Walking is hands down one of the most convenient forms of exercise. Almost anyone can do it and it’s extremely versatile. From taking a leisurely stroll around your neighborhood to fast walking, or adding some weights to perform a farmer’s walk, the variations seem endless. It probably comes as no surprise then that a new fitness trend has emerged. Let’s give a warm welcome to Nordic walking.
Picture cross-country skiing (perhaps somewhere in the Nordic region) with two poles to help propel you forward along a snowy trail, now mimic that motion on your next walk at home (regardless of the season) — that’s Nordic walking, shares Harvard Health Publishing. While it was meant as a training regimen for cross-country skiers in the summer, this low-impact cardio workout is trending in the U.S. (via Harvard Health Publishing). And, for good reason too! Not only do you get the benefits of walking, but the poles support the body when walking on bumpy or hilly terrain and they challenge the muscles promoting more fitness benefits. Plus, it’s also easy to adjust the intensity level to match the needs of the walker.
But, what’s most impressive is its ability to improve cardiovascular and mental health according to a recent study published in the Canadian Journal of Cardiology. In fact, the researchers reported that Nordic walking is more effective than high-intensity training (HIT) and moderate-to-vigorous intensity continuous training (MICT) at increasing heart health and lowering depression symptoms.

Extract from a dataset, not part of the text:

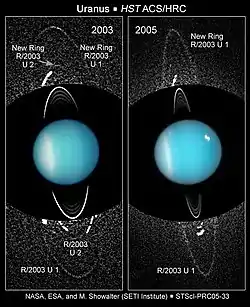 - Notícia: Hubble Discovers Giant Rings and New Moons Encircling Uranus – Comunicado de imprensa do Telescópio Espacial Hubble (22 de dezembro de 2005). (em inglês)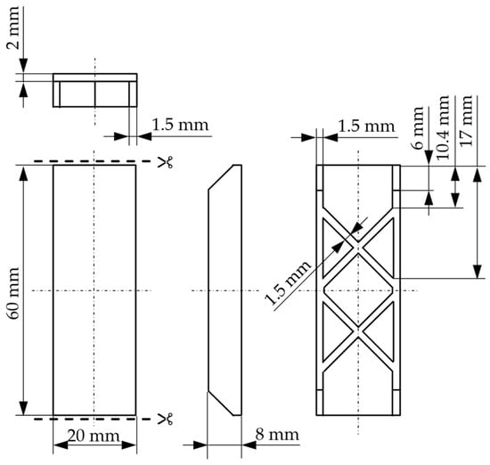 The cross-ribbed beams employed for the bending experiments are constructed from a U-shaped profile, which is strengthened in the middle by two X-shaped struts (“XX-Rib”) []. The design is modelled on that of parts such as front beams or licence plate carriers, which likewise feature cross-ribbing on their rear sections to enhance rigidity. Figure 8 displays the dimensions of the parts, which measure 60 mm in length, 20 mm in width, and 8 mm in height. On the one hand, the testability with standard tools in testing machines is ensured due to the relatively small dimensions, whereas, on the other hand, higher strain rates can be attained at moderate test speeds.

Believe it or not, Nordic walking even outperforms some of the benefits of regular walking. Brisk walking is a great aerobic exercise that reduces stress, enhances the immune system, increases cardiovascular strength, and improves balance, mood, sleep, and coordination, points out Mayo Clinic. It also strengthens the bones and muscles. But, Nordic walking takes fast walking to the next level.
Just by adding these special poles, this low-impact cardiovascular workout starts to vigorously target the arms, legs, core, and shoulders, says Harvard Health Publishing. In other words, Nordic walking is a great upper body and core workout. “When you get the poles involved, you really move; up to 80 to 90% of the major muscle groups are engaged, so you’re just getting a better workout,” explains Dr. Aaron Baggish, the director of the Cardiovascular Performance Program at Massachusetts General Hospital (via Today).
In addition, researchers from a 2019 study report that Nordic walking can also build shoulder strength and increase non-dominant hand grip strength, better than fast-paced walking. This is extremely important because the strength of your hand grip and shoulder translates to many everyday tasks such as grabbing a bag of groceries from the floor to opening a door. That being said, if you’re wanting to build muscle while walking, using specialized poles may do just the trick.
On the other hand, if you’re looking for a walking workout to burn fat and lose weight, Nordic walking may be the golden ticket. Why? The more muscles you recruit, the more calories you burn, shares Today. This is because you burn more calories per distance or time interval when you incorporate the upper body and that calorie expenditure increases by 40 to 50%, Dr. Baggish tells Today. To put it another way, this calorie expenditure is greater than brisk walking.
One 2019 study published in Clinical Interventions in Aging examined how Nordic walking and regular walking impacted weight loss in overweight people. What the researchers found was that Nordic walking was the all-around winner when it came to lowering body mass index and waist circumference. By the end of the study, participants who engaged in Nordic walking decreased body mass index by 6% and waist circumference by 8%. Whereas regular walkers only decreased by 4% for each respective category. But what’s even more impressive is that the Nordic walking group also reduced leg fat, android fat, and total body fat.
Caution: Nordic walking is not magic. In order to lose weight it’s important to follow a healthy diet filled with plenty of fruits, veggies, proteins, fats, and high-fiber foods, points out Healthline. Drink plenty of water, get quality sleep, and try to lower your stress levels. Remember to stay encouraged as weight loss takes time and soon enough the results will show.